## Material for the task
----

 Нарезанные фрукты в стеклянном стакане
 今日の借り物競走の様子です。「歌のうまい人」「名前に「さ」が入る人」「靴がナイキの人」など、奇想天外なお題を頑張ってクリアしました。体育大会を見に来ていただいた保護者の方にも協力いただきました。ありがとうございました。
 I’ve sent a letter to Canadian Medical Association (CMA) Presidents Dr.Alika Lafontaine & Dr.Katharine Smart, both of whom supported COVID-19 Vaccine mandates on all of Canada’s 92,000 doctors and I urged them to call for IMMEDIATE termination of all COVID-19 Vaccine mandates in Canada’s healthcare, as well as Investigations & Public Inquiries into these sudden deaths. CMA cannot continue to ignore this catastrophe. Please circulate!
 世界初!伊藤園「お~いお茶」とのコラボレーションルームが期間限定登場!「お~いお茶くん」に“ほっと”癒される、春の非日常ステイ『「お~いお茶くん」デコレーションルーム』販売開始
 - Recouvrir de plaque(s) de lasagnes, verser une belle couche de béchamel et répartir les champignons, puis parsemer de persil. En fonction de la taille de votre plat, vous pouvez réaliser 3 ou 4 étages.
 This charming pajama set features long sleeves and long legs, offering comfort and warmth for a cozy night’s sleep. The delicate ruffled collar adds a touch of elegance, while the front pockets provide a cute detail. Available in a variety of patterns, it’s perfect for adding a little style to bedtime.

----

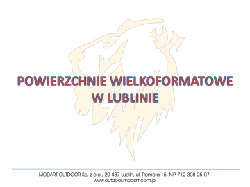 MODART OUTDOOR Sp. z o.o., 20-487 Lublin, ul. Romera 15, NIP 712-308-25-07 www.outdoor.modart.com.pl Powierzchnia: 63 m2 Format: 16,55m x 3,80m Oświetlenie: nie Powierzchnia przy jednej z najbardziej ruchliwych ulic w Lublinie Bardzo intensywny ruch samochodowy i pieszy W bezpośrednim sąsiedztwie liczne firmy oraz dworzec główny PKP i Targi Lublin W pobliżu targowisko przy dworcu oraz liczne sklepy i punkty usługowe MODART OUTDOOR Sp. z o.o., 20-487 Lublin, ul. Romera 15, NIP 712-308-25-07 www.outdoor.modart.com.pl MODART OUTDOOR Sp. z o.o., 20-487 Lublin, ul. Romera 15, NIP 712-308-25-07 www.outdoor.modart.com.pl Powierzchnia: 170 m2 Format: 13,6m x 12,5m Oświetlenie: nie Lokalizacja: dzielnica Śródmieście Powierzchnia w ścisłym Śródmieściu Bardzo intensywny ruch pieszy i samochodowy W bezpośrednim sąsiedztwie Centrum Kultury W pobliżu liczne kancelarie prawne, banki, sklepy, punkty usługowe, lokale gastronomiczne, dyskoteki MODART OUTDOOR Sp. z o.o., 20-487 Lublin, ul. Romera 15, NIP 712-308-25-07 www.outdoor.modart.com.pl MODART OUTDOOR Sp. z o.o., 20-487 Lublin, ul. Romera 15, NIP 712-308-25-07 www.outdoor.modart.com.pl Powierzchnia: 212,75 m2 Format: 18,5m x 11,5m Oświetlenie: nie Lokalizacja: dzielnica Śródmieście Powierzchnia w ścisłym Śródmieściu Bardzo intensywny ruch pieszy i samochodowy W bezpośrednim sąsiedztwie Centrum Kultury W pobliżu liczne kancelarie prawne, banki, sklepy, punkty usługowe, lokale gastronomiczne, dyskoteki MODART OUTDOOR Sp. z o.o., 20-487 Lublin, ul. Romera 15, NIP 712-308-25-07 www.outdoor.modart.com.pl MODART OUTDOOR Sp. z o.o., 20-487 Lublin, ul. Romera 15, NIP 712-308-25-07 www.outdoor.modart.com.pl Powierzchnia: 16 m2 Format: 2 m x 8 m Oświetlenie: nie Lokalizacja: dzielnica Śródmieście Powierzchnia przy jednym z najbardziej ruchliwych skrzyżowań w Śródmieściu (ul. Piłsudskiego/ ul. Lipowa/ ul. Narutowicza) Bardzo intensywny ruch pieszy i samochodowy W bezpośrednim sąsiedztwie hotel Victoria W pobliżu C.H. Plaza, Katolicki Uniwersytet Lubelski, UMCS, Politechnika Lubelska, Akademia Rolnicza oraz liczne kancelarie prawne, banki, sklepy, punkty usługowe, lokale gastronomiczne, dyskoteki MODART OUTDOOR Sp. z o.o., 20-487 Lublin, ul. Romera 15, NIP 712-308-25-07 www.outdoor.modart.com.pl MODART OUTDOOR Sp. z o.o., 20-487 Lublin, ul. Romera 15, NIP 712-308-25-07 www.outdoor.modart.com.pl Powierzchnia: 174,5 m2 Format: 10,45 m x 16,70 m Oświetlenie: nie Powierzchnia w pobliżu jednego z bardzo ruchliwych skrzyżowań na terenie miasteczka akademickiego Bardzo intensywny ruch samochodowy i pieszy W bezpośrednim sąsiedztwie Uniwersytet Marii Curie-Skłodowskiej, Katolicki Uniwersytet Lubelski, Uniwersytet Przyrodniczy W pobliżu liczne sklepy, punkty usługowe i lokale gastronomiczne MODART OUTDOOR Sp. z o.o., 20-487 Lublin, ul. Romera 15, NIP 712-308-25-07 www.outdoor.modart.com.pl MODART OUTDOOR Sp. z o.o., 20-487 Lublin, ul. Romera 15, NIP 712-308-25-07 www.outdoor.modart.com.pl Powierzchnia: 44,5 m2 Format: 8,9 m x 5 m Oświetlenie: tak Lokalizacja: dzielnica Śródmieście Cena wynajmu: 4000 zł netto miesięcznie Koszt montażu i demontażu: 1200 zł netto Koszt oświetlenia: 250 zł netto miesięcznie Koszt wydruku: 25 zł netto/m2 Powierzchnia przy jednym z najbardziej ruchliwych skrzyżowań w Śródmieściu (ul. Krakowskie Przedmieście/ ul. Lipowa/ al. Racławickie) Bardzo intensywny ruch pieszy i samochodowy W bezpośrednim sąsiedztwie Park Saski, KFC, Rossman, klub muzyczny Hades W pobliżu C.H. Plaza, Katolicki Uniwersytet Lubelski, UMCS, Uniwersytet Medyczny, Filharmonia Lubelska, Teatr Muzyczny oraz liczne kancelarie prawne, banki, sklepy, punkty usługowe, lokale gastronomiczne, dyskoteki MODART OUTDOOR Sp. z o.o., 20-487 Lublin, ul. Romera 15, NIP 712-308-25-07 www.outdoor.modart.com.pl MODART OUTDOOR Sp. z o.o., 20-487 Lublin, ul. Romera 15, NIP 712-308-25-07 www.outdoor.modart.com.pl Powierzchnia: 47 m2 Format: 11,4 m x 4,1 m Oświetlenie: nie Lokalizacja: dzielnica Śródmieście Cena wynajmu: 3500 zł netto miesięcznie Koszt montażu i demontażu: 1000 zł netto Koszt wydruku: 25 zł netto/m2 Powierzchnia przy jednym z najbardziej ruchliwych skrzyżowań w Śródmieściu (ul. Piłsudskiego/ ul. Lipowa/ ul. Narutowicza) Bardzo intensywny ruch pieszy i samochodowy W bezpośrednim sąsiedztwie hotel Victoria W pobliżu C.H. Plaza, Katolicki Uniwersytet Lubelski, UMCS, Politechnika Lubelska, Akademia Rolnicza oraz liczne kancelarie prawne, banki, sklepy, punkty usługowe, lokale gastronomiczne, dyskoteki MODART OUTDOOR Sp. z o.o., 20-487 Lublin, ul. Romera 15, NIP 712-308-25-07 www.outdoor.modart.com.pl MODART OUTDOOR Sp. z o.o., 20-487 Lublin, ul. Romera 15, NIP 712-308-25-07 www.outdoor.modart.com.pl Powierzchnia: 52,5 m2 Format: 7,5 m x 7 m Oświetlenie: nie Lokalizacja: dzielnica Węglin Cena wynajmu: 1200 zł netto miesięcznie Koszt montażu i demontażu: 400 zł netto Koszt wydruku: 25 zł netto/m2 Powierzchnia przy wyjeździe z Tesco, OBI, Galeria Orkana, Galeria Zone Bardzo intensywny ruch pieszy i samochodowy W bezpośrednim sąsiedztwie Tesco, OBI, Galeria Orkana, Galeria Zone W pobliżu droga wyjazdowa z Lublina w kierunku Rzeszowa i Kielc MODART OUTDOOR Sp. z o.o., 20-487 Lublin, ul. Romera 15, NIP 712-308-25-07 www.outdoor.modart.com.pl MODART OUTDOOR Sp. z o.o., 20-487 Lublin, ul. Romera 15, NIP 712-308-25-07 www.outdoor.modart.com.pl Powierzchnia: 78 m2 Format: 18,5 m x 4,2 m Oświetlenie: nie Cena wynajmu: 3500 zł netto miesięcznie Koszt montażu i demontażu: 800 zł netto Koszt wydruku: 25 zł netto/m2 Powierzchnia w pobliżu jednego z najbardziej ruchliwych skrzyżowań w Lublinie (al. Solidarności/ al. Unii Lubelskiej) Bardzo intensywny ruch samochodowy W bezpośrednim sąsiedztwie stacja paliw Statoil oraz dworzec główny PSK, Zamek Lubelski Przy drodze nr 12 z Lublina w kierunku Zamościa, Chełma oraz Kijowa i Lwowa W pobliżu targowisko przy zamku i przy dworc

----

Everything above from the line containing "Нарезанные фрукты в стеклянном стакане" down to the line containing "This charming pajama" is to be transcribed exactly, with both of those lines included and nothing else added.

## Output
 Нарезанные фрукты в стеклянном стакане
 今日の借り物競走の様子です。「歌のうまい人」「名前に「さ」が入る人」「靴がナイキの人」など、奇想天外なお題を頑張ってクリアしました。体育大会を見に来ていただいた保護者の方にも協力いただきました。ありがとうございました。
 I’ve sent a letter to Canadian Medical Association (CMA) Presidents Dr.Alika Lafontaine & Dr.Katharine Smart, both of whom supported COVID-19 Vaccine mandates on all of Canada’s 92,000 doctors and I urged them to call for IMMEDIATE termination of all COVID-19 Vaccine mandates in Canada’s healthcare, as well as Investigations & Public Inquiries into these sudden deaths. CMA cannot continue to ignore this catastrophe. Please circulate!
 世界初!伊藤園「お~いお茶」とのコラボレーションルームが期間限定登場!「お~いお茶くん」に“ほっと”癒される、春の非日常ステイ『「お~いお茶くん」デコレーションルーム』販売開始
 - Recouvrir de plaque(s) de lasagnes, verser une belle couche de béchamel et répartir les champignons, puis parsemer de persil. En fonction de la taille de votre plat, vous pouvez réaliser 3 ou 4 étages.
 This charming pajama set features long sleeves and long legs, offering comfort and warmth for a cozy night’s sleep. The delicate ruffled collar adds a touch of elegance, while the front pockets provide a cute detail. Available in a variety of patterns, it’s perfect for adding a little style to bedtime.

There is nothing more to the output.